The extension relation \(Y^{\bullet }_{p} (-{\Delta }_{\tilde {\Omega }, p})\subset (-{\Delta }_{\Omega , p}) Y^{\bullet }_{p}\) is then obtained by approximation since \(\mathcal {S}(\mathbb {R}^{d})\) is an operator core for \(-{\Delta }_{\tilde {\Omega }, p}\). Theorem 3.1 can then be applied with \(Y=Z= Y^{\bullet }_{p}\) and \(\hat Y = \hat Y^{\bullet }_{p}\).

Remark 4.3

In the above considerations, the operator X models the extension of a function in L2(Ω) to a function in \(L^{2}(\tilde {\Omega })\) by reflection with respect to one hyperplane. However, in view of the general form of Theorem 3.1, also other forms of extensions are feasible. For instance, one could consider to prolong functions on a sector of angle π/n in the plane to functions on the whole plane by successive reflections with respect to different lines. In a similar way, in the work [22] the author considers the prolongation of functions on the hemiequilateral triangle with corners (0,0), (0,1), \((1/\sqrt {3},0)\) to functions on the rectangle \((0,\sqrt {3})\times (0,1)\). One then has to prove results analogous to Lemma 4.1 and relation (32), allowing to infer null-controllability results on such sectors and the (hemi-) equilateral triangle from those on the whole plane and the rectangle, respectively.

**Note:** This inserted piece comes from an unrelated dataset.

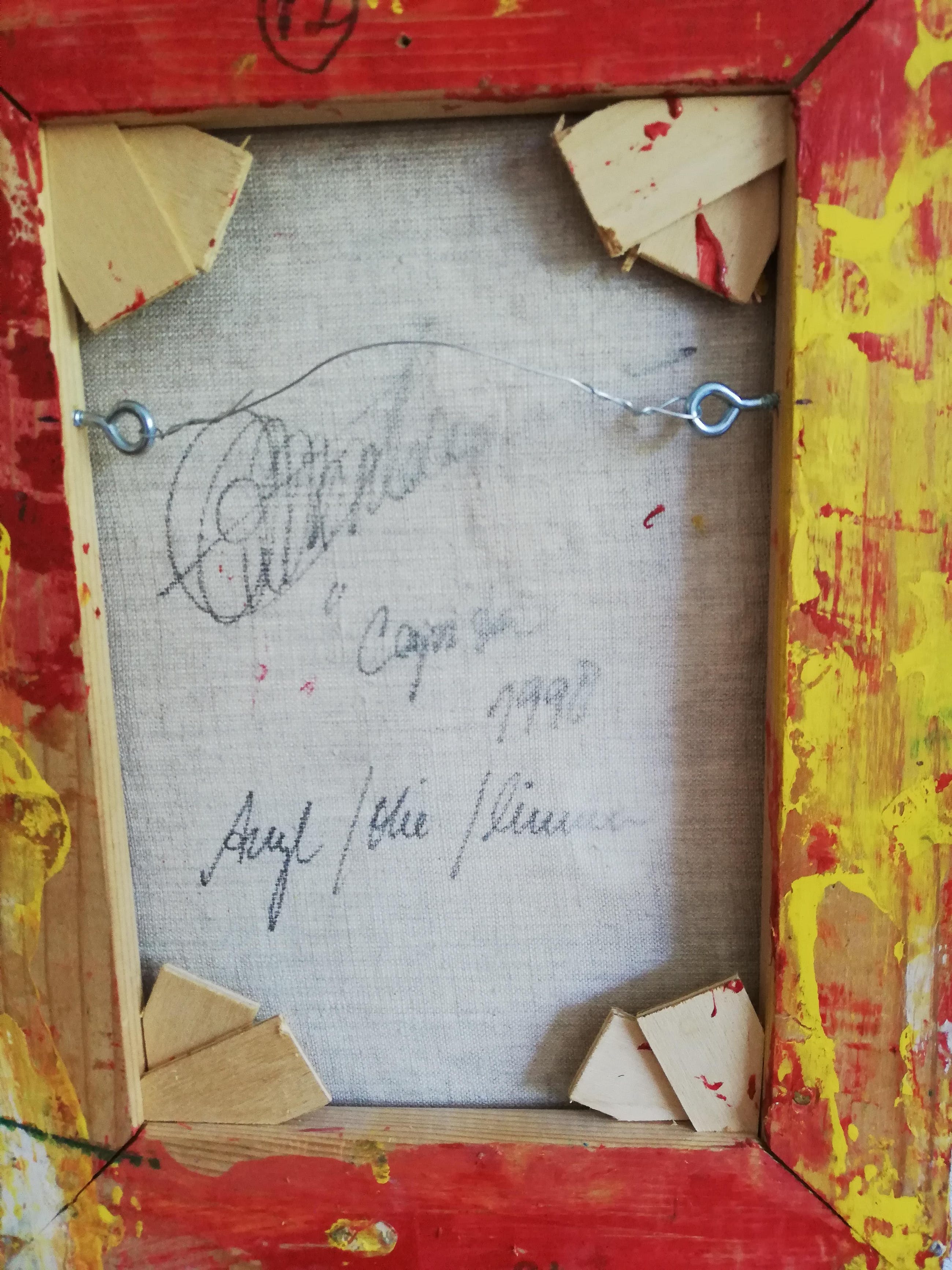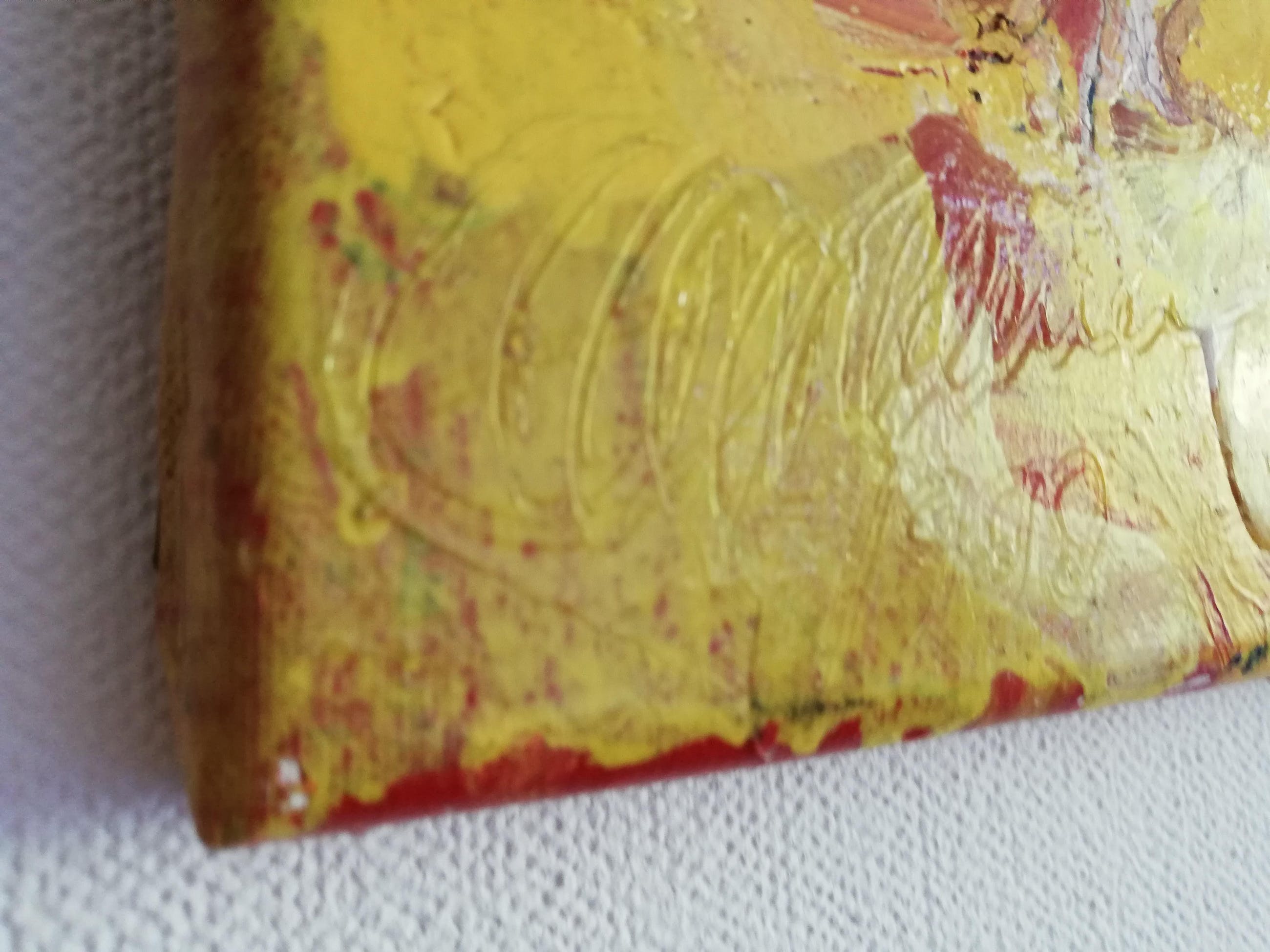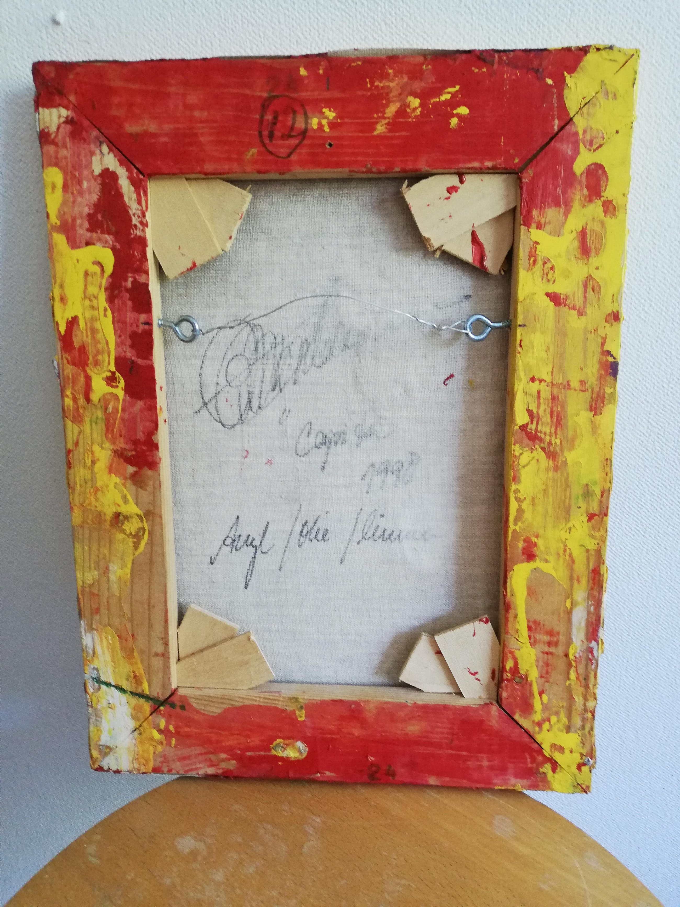 Kleurrijk, pasteus werk van een nog steeds actuele kunstenaar. Bij de vervaardiging van het werk heeft hij met olieverf, acryl en mogelijk ook met een ander materiaal gewerkt. De staat van het werk is door de kunstenaar beoogd en hoort bij het maakproces (zie onderstaande toelichting). Het kunstwerk is ophangklaar.

In fact, in case of the hemiequilateral triangle, these analogous results follow to some extend from the considerations in [22] already.

One may also consider the rescaling that maps a given sector of arbitrary angle 0 < 𝜃 < π/2 to the sector with angle π/4. This transforms the pure Laplacian on the given sector to a divergence-type operator on the sector of angle π/4 with constant diagonal matrix and, therefore, fits into the framework of our abstract Theorem 3.1. However, there are currently no results on null-controllability of the form discussed in Section 2 available for such operators on this specific sector, so that Theorem 3.1 can not be applied yet.